The Washington Post issued a correction 15 months after alleging Sen. Tom Cotton, R-Ark., was peddling a “debunked” “conspiracy theory” about the origins of the coronavirus pandemic. 

Much of the media last year was quick to dismiss the possibility that the virus stemmed from a leak from the Wuhan Virology Lab in China, a theory that was promoted by top Republicans including Cotton and then-President Trump and then-Secretary of State Mike Pompeo. 
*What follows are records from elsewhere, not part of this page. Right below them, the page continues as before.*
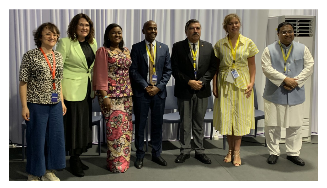
Senator O'Neill and fellow members of the Committee to Promote Respect for International Humanitarian Law

The committee held a second, open meeting on 26 October to debate the theme: The role of parliaments in tackling the humanitarian impacts of climate-related displacement.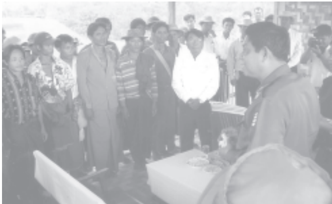
Minister for Agriculture and Irrigation Maj-Gen Htay Oo meets local farmers in Aingma Village of Pale Township.—A&I

Later, the minister cordially greeted the local people. According to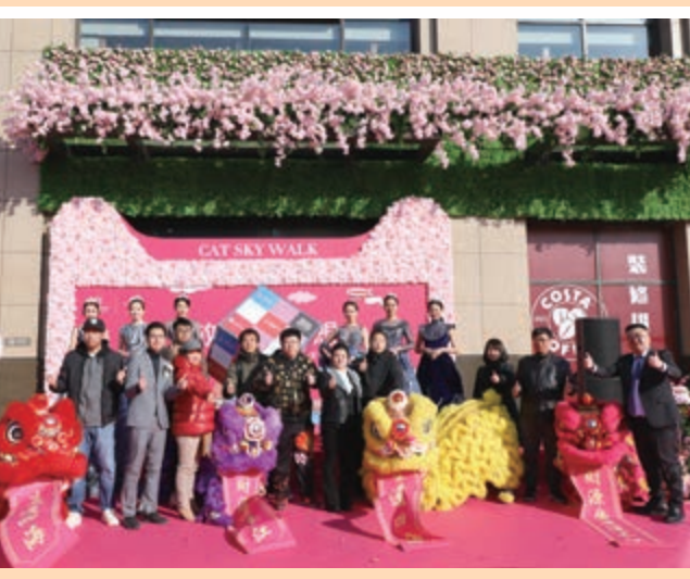
Cat Sky Walk, a shopping street in Regal Renaissance – Grand opening in December 2018

Over the weekend, however, the Post revised the February 2020 report which had the headline, “Tom Cotton keeps repeating a coronavirus conspiracy theory that was already debunked.”

CBS ADMITS COVID LAB-LEAK THEORY DEVELOPMENTS ARE ‘VINDICATION OF SORTS FOR TRUMP-ERA OFFICIALS’

“Earlier versions of this story and its headline inaccurately characterized comments by Sen. Tom Cotton (R-Ark.) regarding the origins of the coronavirus,” the correction read at the top of the report. “The term ‘debunked’ and The Post’s use of ‘conspiracy theory’ have been removed because, then as now, there was no determination about the origins of the virus.”

The headline was changed to “Tom Cotton keeps repeating a coronavirus fringe theory that scientists have disputed.”

Despite being a year late, the media is finally taking the lab-leak theory seriously after the Wall Street Journal reported that U.S. intelligence believes that at least three Wuhan scientists were hospitalized with COVID-like symptoms back in November 2019. 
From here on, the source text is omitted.